I am so excited to see what these chefs bring together and am dually impressed with the fact that the organizers have brought in an as-yet-to-be-announced tzedakah project that the culinary teams will participate in. There are plans tape and ‘live stream’ the competition so check back in to the blog or at the Maccabi Culinary Competition for more info. Oh, and if you don’t have to spend this summer teaching summer school health to 9th graders, like I do, then you’ll also want to check out the extreme culinary tour that the Maccabi Culinary Competition organizers have developed. It’s an Israeli foodie dream come true! The Culinary Mission runs through the Maccabi games so now only will you be exploring the dynamic culinary movement coming out of Israel at full speed, you’ll be doing it along side the chefs participating in the Maccabi Culinary Competition. More information can be found here, at the Mission’s website.

When you live in LA and have 2 small children and no extra income to throw at plane tickets to Philly, this is as close to actually dining at Zahav as one can get.

 

The view of Jordan from the husband’s patio (mirpeset) in Eilat

 

Somewhere up North — my husband, Yonah, in the whale and me pretending to be eaten by said whale. No one told me we were going to do a serious pic!!

 

If you haven’t been to Jerusalem during Purim, can I just recommend it now? Thanks.

 

This post is sponsored by The International Maccabi Culinary Competition

Israeli Salad with Grilled Peaches and Honey Lemon Vinaigrette

Salad Ingredients:

2 cups chopped Roma tomatoes, seeded and diced
2 cups chopped Persian cucumbers, peeled and diced
1 cup cooked pearl barley, cooled
2 peaches, grilled (instructions below)
3 Tbsp chopped fresh mint leaves
1/2 cup sheep’s milk feta
Lemon honey vinaigrette (ingredients and recipe below)

Directions for Salad:

Combine all salad ingredients into a large bowl except for the mint and feta. Toss with cooked and cooled pearl barley. Add 3 tbsp of olive oil and stir. Next, add half of the chopped mint leaves and feta. Toss to combine. Top with salad dressing and rest of the mint leaves. Serve room temperature or cold.
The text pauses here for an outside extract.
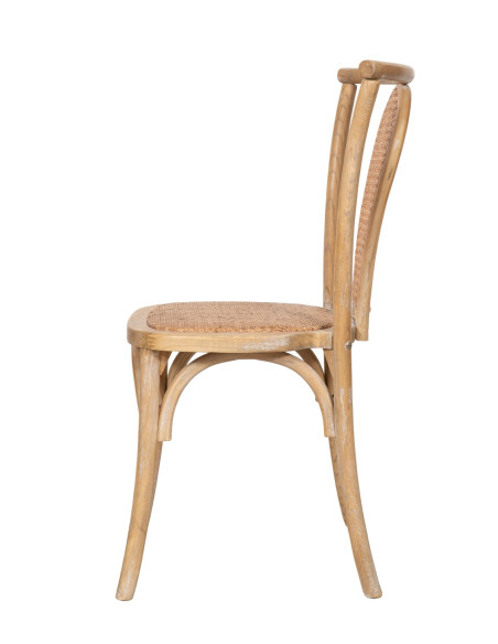 Stoel van massief hout en rugleuning van Weens riet, afwerking in licht walnoot
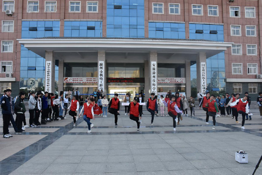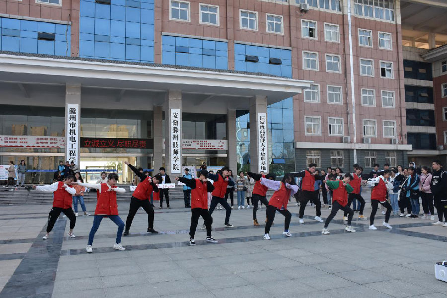 3月25日下午,校社团20余名学生以“快闪”的方式宣传雷锋精神,组织学生在校园行政楼广场播放歌曲《学习雷锋好榜样》,伴随着音乐节奏,吸引了很多学生驻足观看。通过动感的舞姿舞动出了青春正能量,绽放出了雷锋新异彩,现场气氛空前高涨。当音乐结束,参与活动的同学们默契般的精彩收尾,瞬间又随着人群而去。

Method for Grilling Peaches:

Cut peaches along the seam all the way around and twist halves off the pit. Discard of entire pit (be thorough — accidental pit-eating would be a bummer). Brush cut sides with olive oil. Cook, cut side down, on a hot grill until fruit has grill marks, 3 to 4 minutes.

Rotate 90 degrees to continue to cook for another 3-4 minutes or until total grill marks appear and the fruit starts to caramelize. Remove from the grill with a pair of tongs and sprinkle with a dash of flaky sea salt.

Set aside to cool.

Lemon Honey Vinaigrette Ingredients:

  • 1/4 cup fresh lemon juice (from about 2 small lemons or 1 large)
  • 1/4 cup white-wine vinegar
  • 2 teaspoons honey
  • 1 teaspoon coarse salt
  • 1/4 teaspoon ground pepper
  • 1 cup olive oil

Method:

In a medium bowl or jar, combine lemon juice, vinegar, honey, coarse salt, and ground pepper. Whisk until salt has thoroughly dissolved. Gradually add the oil and whisk until thoroughly combined.